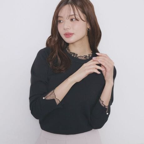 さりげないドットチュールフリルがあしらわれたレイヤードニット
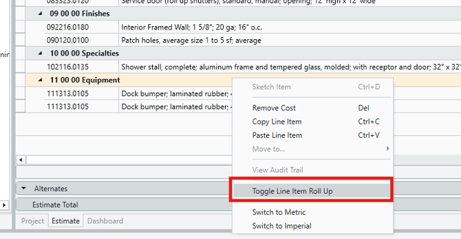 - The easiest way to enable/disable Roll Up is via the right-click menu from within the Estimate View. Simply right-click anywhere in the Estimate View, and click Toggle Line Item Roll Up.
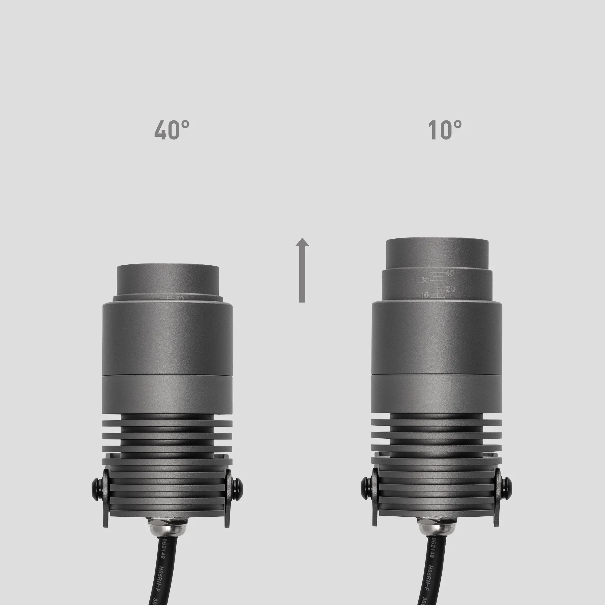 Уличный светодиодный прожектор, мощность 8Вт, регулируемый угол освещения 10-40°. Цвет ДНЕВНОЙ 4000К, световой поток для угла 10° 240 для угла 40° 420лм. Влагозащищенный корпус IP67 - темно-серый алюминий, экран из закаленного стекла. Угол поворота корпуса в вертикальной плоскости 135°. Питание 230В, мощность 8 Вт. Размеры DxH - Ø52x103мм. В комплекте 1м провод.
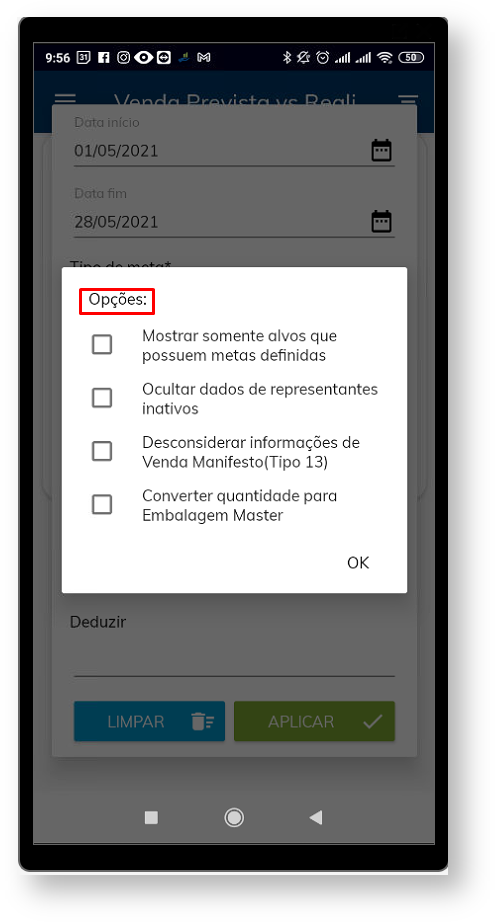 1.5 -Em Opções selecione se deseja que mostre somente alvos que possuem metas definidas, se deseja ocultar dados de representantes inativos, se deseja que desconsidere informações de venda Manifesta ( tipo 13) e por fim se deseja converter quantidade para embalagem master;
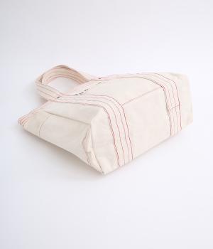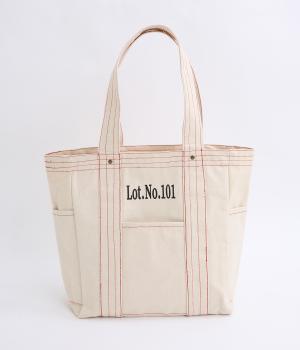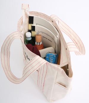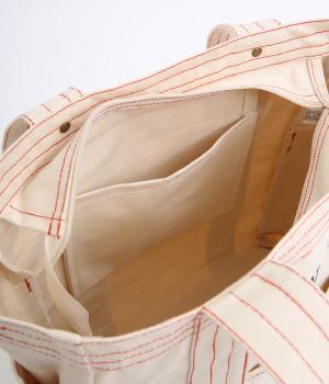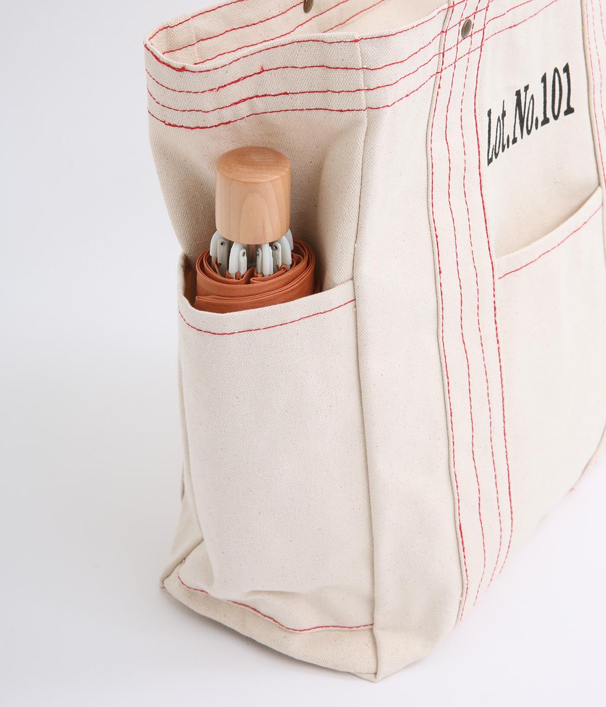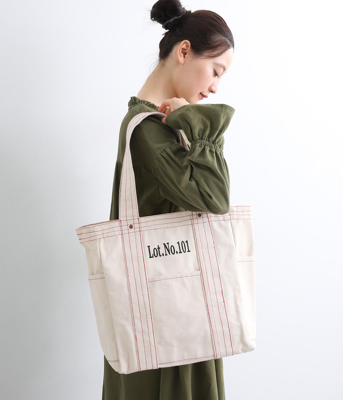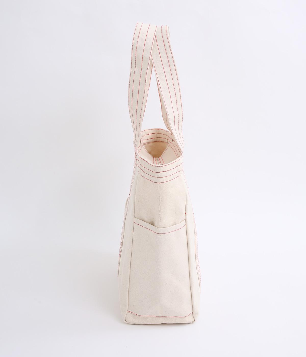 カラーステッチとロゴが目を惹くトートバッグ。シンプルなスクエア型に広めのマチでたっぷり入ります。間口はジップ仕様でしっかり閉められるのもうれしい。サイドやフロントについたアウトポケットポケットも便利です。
= = = = =
Exercise instructions: Repeat the records above exactly, from the first line through the line containing "- The easiest", and leave out the pictures.

Answer space:
 さりげないドットチュールフリルがあしらわれたレイヤードニット
 - The easiest way to enable/disable Roll Up is via the right-click menu from within the Estimate View. Simply right-click anywhere in the Estimate View, and click Toggle Line Item Roll Up.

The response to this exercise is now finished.